## Exercise:
Everything in the records is to be written out exactly, except the pictures.

## Provided records:
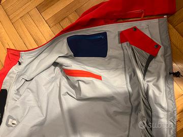 Giacca sabre da uomo, guscio freeride con protezione GORE-TEX e anti-tempesta. Taglia S. Interno spazzolato con ghetta anti- neve, tasce sul braccio per lo sky pass e due tasche interne. Colore rosso.
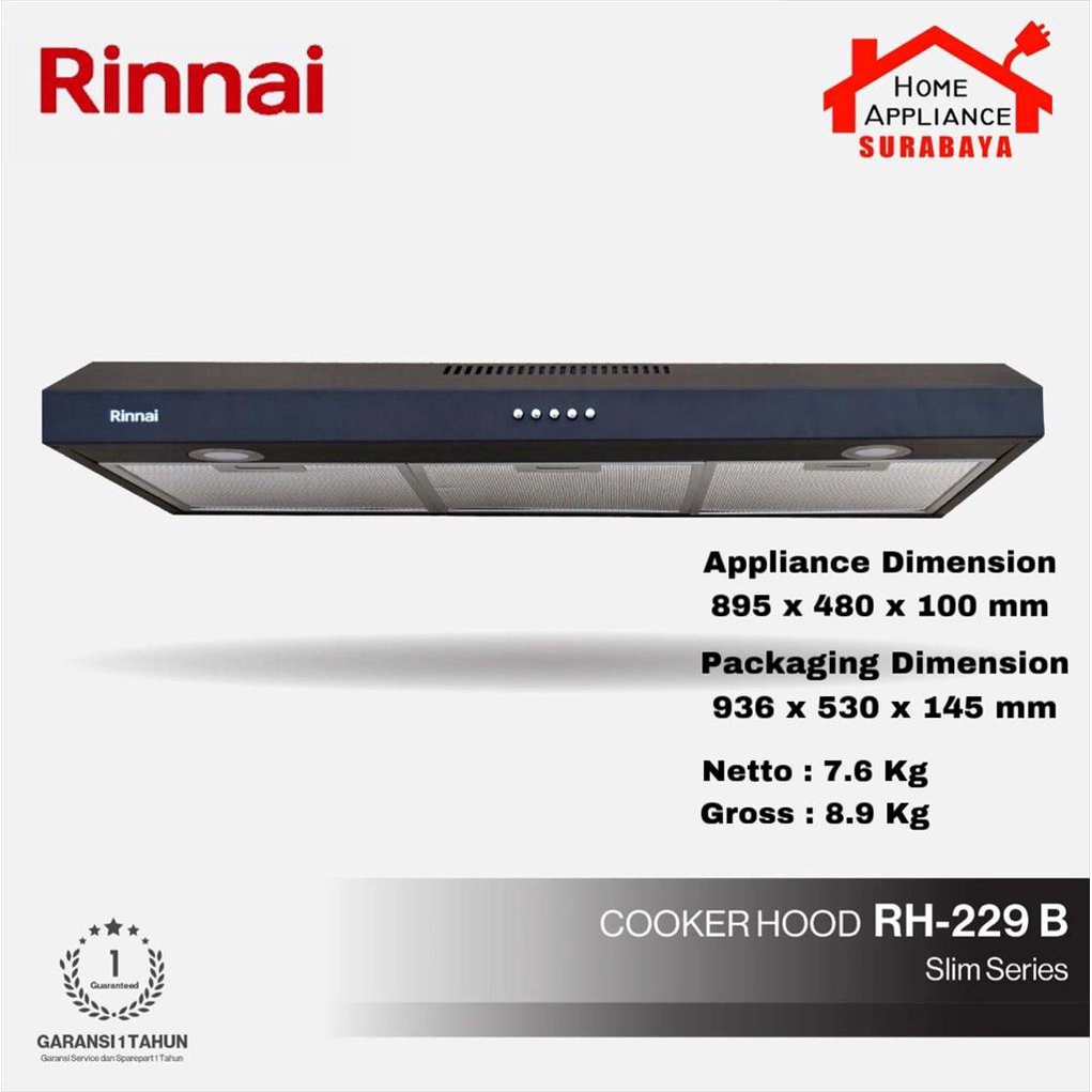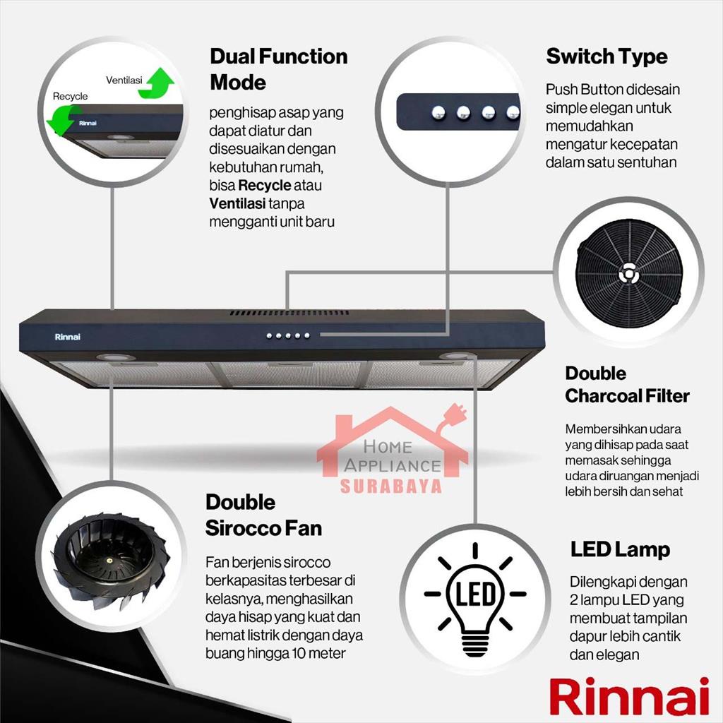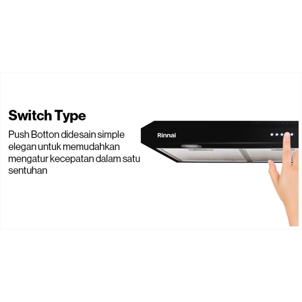 RINNAI Cooker Hood Slim Series Penghisap Asap Dapur 90CM RH-229B / RH 229 B HITAM
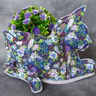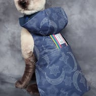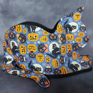 A lovely comfortable cat harness made from blue and yellow animal patterned cotton touch polyester, with 100% pale blue cotton lining. Hook and loop fasten around the abdomen and neck. Velcro fastens at the sides rather than underneath the stomach and neck, for easier fastening for the handler and comfort for the cat, there's nothing more irritating than having a strip of stiff Velcro stuck under your neck! The neck strap has also been designed thinner than most harnesses for comfort for the cat. It also has two strips of webbing running down the length, ads more comfort for the cat not to have webbing running and rubbing down the spine!
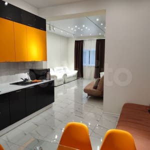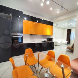 Апартаменты очень просторные: гостиная-зал 36 кв.м., спальня 18 кв.м., кухня-столовая 20 кв.м., с/у 7 кв.м., прихожая 4 кв.м.
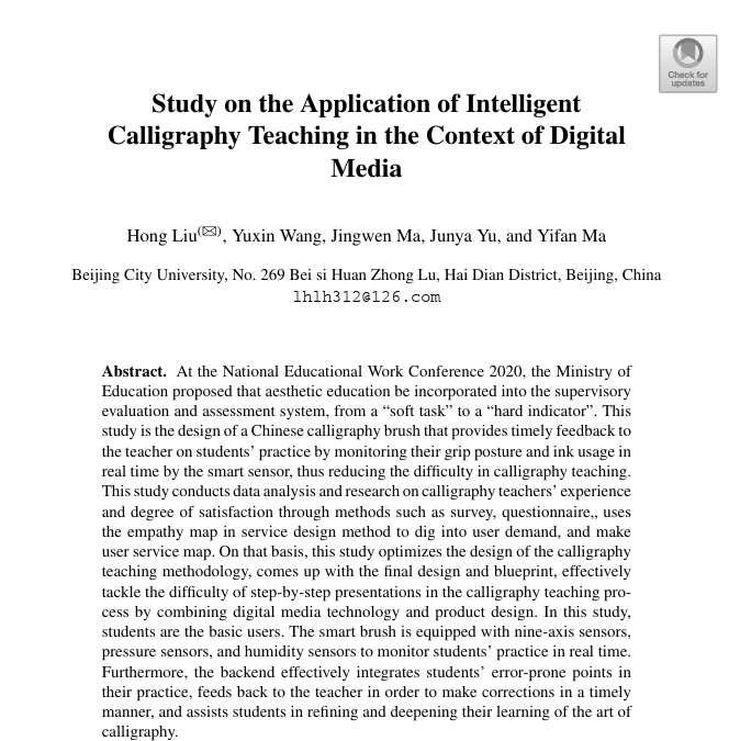 发表论文:2022年7月 在Design Thinking and Practice in Contemporary and Emerging Technologies发表论文Study on the Application of Intelligent Calligraphy Teaching in the Context of Digital Media
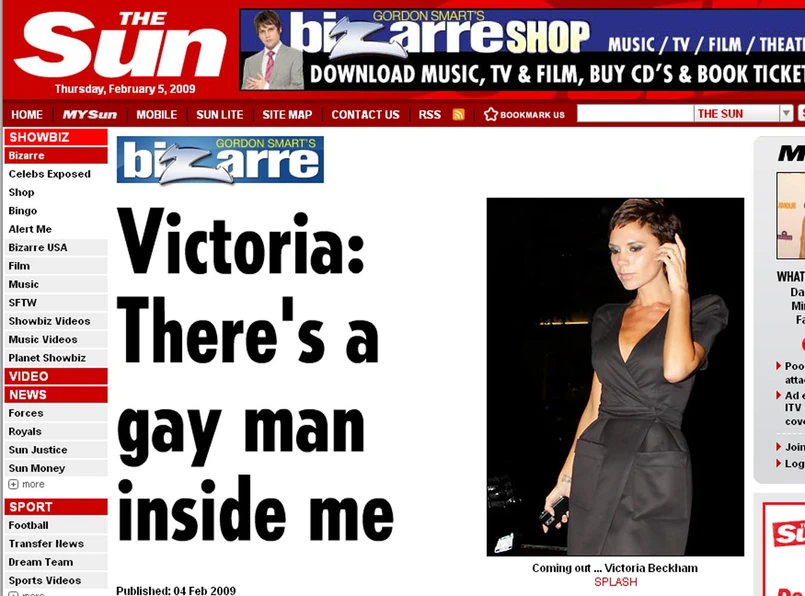 Choć naturalnie, nie "w ten sposób". Jeśli chodzi o heteroseksualnych facetów, toleruje tylko Davida i swoich synów. Za to przy gejach czuje się bezpiecznie i nie ma nic przeciwko temu, że uważają ją za swoją ikonę. Wręcz jej to pochlebia. Do tego stopnia fascynuje ją środowisko homoseksualne, że wyznała nawet: "W środku mnie siedzi gej, który chce wyjść na zewnątrz".
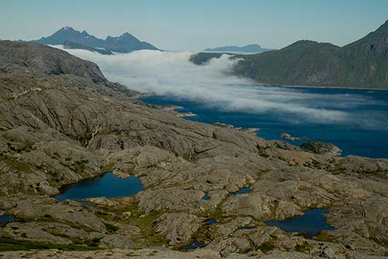 - Randonnée sur l’île de Vestvågøya au sommet Bulitinden : on est pour ainsi dire seuls sur cette randonnée. Très beau belvédère avec vue plongeante sur la mer et les enfilades de pics.

## Result of this task:
 Giacca sabre da uomo, guscio freeride con protezione GORE-TEX e anti-tempesta. Taglia S. Interno spazzolato con ghetta anti- neve, tasce sul braccio per lo sky pass e due tasche interne. Colore rosso.
 RINNAI Cooker Hood Slim Series Penghisap Asap Dapur 90CM RH-229B / RH 229 B HITAM
 A lovely comfortable cat harness made from blue and yellow animal patterned cotton touch polyester, with 100% pale blue cotton lining. Hook and loop fasten around the abdomen and neck. Velcro fastens at the sides rather than underneath the stomach and neck, for easier fastening for the handler and comfort for the cat, there's nothing more irritating than having a strip of stiff Velcro stuck under your neck! The neck strap has also been designed thinner than most harnesses for comfort for the cat. It also has two strips of webbing running down the length, ads more comfort for the cat not to have webbing running and rubbing down the spine!
 Апартаменты очень просторные: гостиная-зал 36 кв.м., спальня 18 кв.м., кухня-столовая 20 кв.м., с/у 7 кв.м., прихожая 4 кв.м.
 发表论文:2022年7月 在Design Thinking and Practice in Contemporary and Emerging Technologies发表论文Study on the Application of Intelligent Calligraphy Teaching in the Context of Digital Media
 Choć naturalnie, nie "w ten sposób". Jeśli chodzi o heteroseksualnych facetów, toleruje tylko Davida i swoich synów. Za to przy gejach czuje się bezpiecznie i nie ma nic przeciwko temu, że uważają ją za swoją ikonę. Wręcz jej to pochlebia. Do tego stopnia fascynuje ją środowisko homoseksualne, że wyznała nawet: "W środku mnie siedzi gej, który chce wyjść na zewnątrz".
 - Randonnée sur l’île de Vestvågøya au sommet Bulitinden : on est pour ainsi dire seuls sur cette randonnée. Très beau belvédère avec vue plongeante sur la mer et les enfilades de pics.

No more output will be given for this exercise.